In this regard, our group proposed a series of modification strategies for improving the above-mentioned issues, such as heteroatom doping, and constructing Schottky junctions and p–n heterojunctions. For example, taking a Co-based catalyst with high catalytic activity into consideration, we introduced Co heteroatoms into a TiO₂ nanoribbon array supported on Ti foil for electroreduction of NO₃⁻ (Fig. 10a and b). Co-doping can effectively improve the intrinsic electronic conductivity of TiO₂ and increase the content of oxygen defects in TiO₂, which further facilitates the adsorption of NO₃⁻ and transportation of charge at the interface, as well as decreasing the energy barrier of the potential-determining step (Fig. 10c). As a result, Co-doped TiO₂ nanoribbon arrays delivered a large NH₃ production rate of 1127 μmol h⁻¹ cm⁻² and a high FE of 98.2%, which was remarkably superior to that of its counterpart in alkaline media (88.5 μmol h⁻¹ cm⁻²; 35.1%), as presented in Fig. 10d and e.¹¹¹ Inspired by this, we further constructed a Schottky junction by integrating metallic Co nanoparticles into TiO₂ nanobelt arrays (Co@TiO₂) (Fig. 10f and g). A built-in electric field formed at the heterointerface between Co and TiO₂, which was beneficial for the capture of NO₃⁻ on the surface of the electrocatalyst and thus facilitated mass transfer during the electroreduction process of NO₃⁻. Consequently, in a neutral medium containing 0.1 M NO₃⁻, the as-designed Co@TiO₂ catalyst enabled a high NH₃ FE of 96.7% at −0.7 V vs. RHE and a competitive NH₃ formation rate of 800 μmol h⁻¹ cm⁻² at −1.0 V (Fig. 10h and i). Meanwhile, this catalyst also showed impressive durability during recycling tests and 50 h of bulk electrolysis (Fig. 10j).¹¹² Following this, Fe₃O₄@TiO₂,¹¹³ CoP@TiO₂ ¹¹⁴ and FeS₂@TiO₂ ¹¹⁵ p–n heterojunctions were constructed by our team and utilized as electrocatalysts to convert NO₃⁻ to NH₃, where the selectivity and efficiency of bare TiO₂ for the NO₃⁻RR were significantly enhanced.
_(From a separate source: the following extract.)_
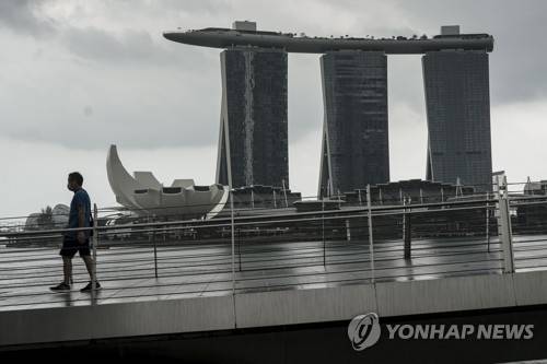 epa08957094 A man walks over a bridge across the Marina Bay Sands hotel in Singapore, 22 January 2021. Singapore's economy is expected to rebound four to six per cent in 2021 following its worst recession due to the economic fallout caused by the Covid-19 coronavirus pandemic EPA/WALLACE WOON

Fig. 10 (a) SEM and (b) HRTEM images of Co-doped TiO₂. (c) Calculated free-energy changes of the NO₃⁻RR on the Co-doped TiO₂. (d) NH₃ yield rate and FE of Co-doped TiO₂ under given potentials. (e) Comparison of NH₃ yield rate and FE between TiO₂ and Co-doped TiO₂. Reproduced from ref. 111 with permission from The Royal Society of Chemistry, copyright 2022. (f) SEM and (g) HRTEM images of Co@TiO₂ heterojunction catalyst. (h) LSV curves and (i) NH₃ formation rate and FE at given potentials for Co@TiO₂. (j) The long-term electrocatalytic performance of the Co@TiO₂ catalyst. Reproduced from ref. 112 with permission from Wiley-VCH, copyright 2023.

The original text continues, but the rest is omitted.